INFORMATION SUPPLIED:
━━━━━━

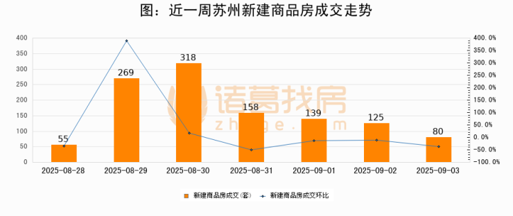 根据苏州市房地产市场和交易管理中心数据显示,2025年09月03日苏州新建商品房成交80套,较昨日减少45套,环比下降36%。近一周苏州新建商品房日均成交164套。09月03日单日成交80套,低于近一周平均水平51.2%。
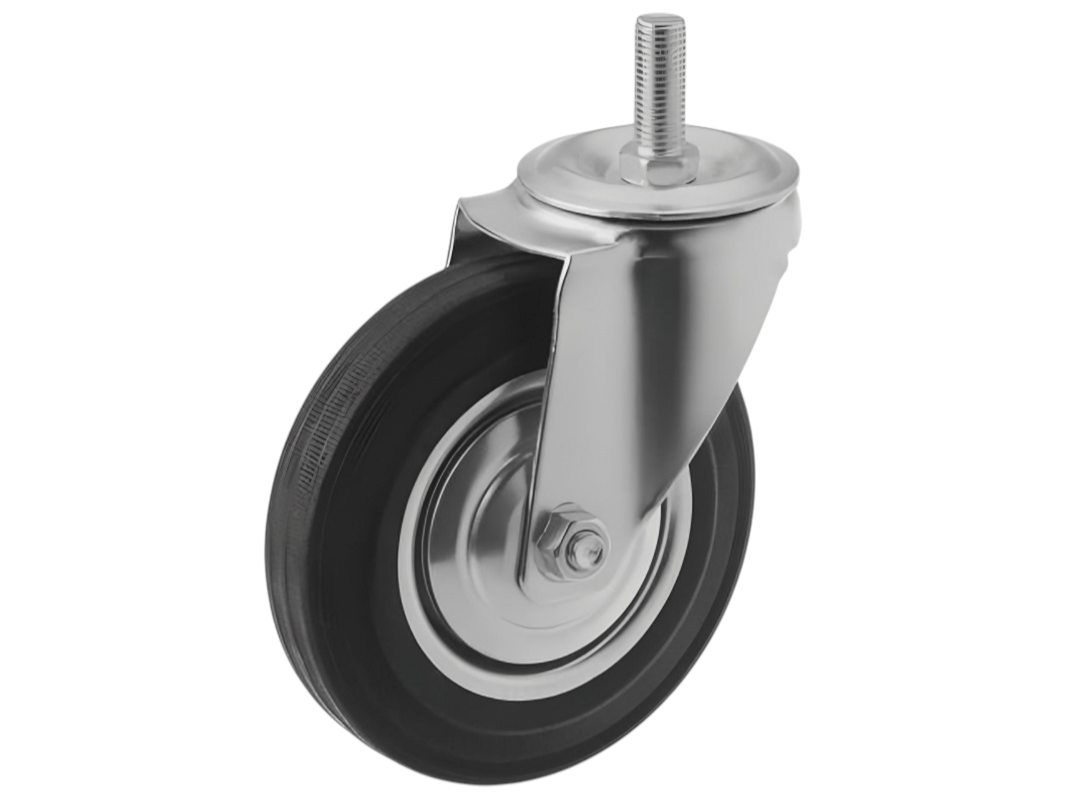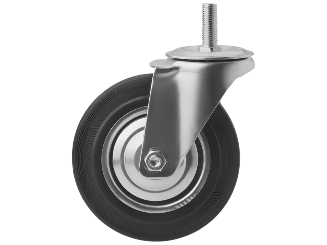 Конструкция колёс включает роликовый подшипник, стальной обод и шинку из чёрной резины, которая обеспечивает плавность и мягкость хода. Однако, по сравнению с полиуретановыми колёсами, эти колёса менее износостойки. Поворотный узел с двухрядным шарикоподшипником надёжно защищён пластиковым пыльником, что обеспечивает длительный срок службы.
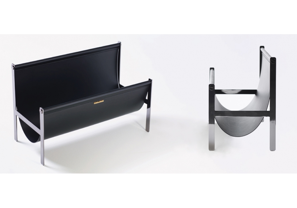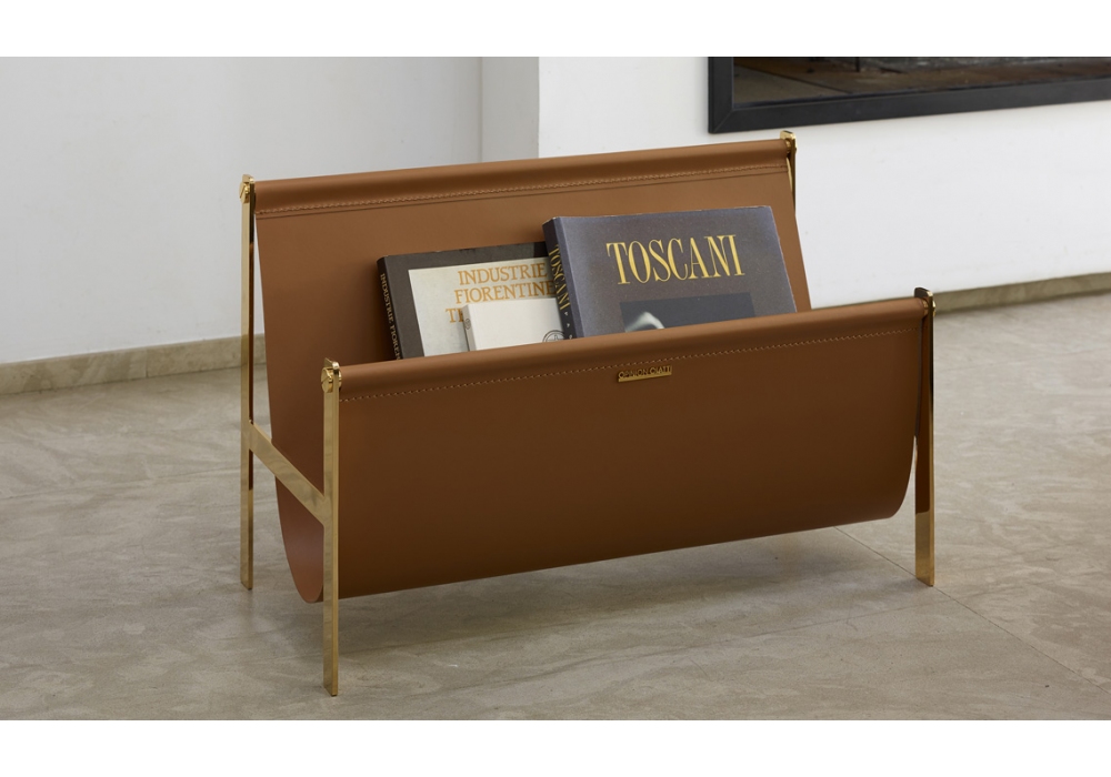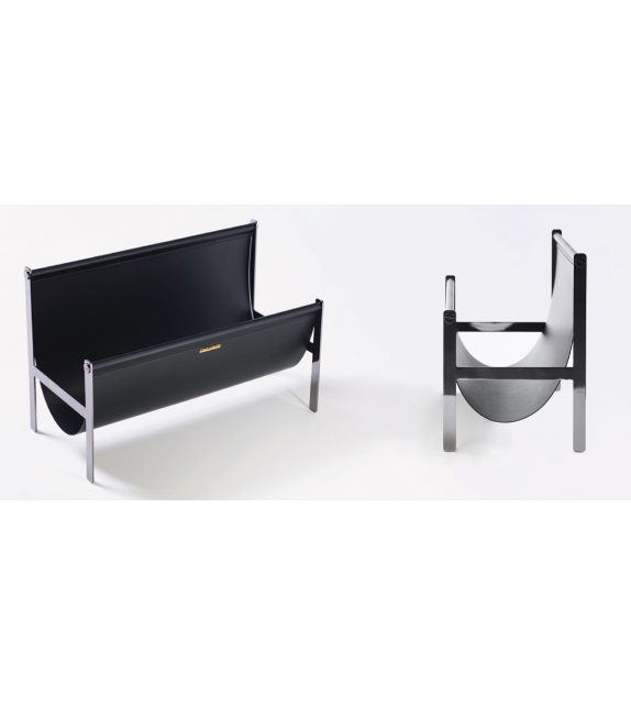 Portariviste diseñado por Lapo Ciatti para Opinion Ciatti es un revistero de cuero regenerado con estructura de acero.

━━━━━━

TASK ITEM: Transcribe the data completely. No pictures should appear in the transcription.

RESPONSE:
 根据苏州市房地产市场和交易管理中心数据显示,2025年09月03日苏州新建商品房成交80套,较昨日减少45套,环比下降36%。近一周苏州新建商品房日均成交164套。09月03日单日成交80套,低于近一周平均水平51.2%。
 Конструкция колёс включает роликовый подшипник, стальной обод и шинку из чёрной резины, которая обеспечивает плавность и мягкость хода. Однако, по сравнению с полиуретановыми колёсами, эти колёса менее износостойки. Поворотный узел с двухрядным шарикоподшипником надёжно защищён пластиковым пыльником, что обеспечивает длительный срок службы.
 Portariviste diseñado por Lapo Ciatti para Opinion Ciatti es un revistero de cuero regenerado con estructura de acero.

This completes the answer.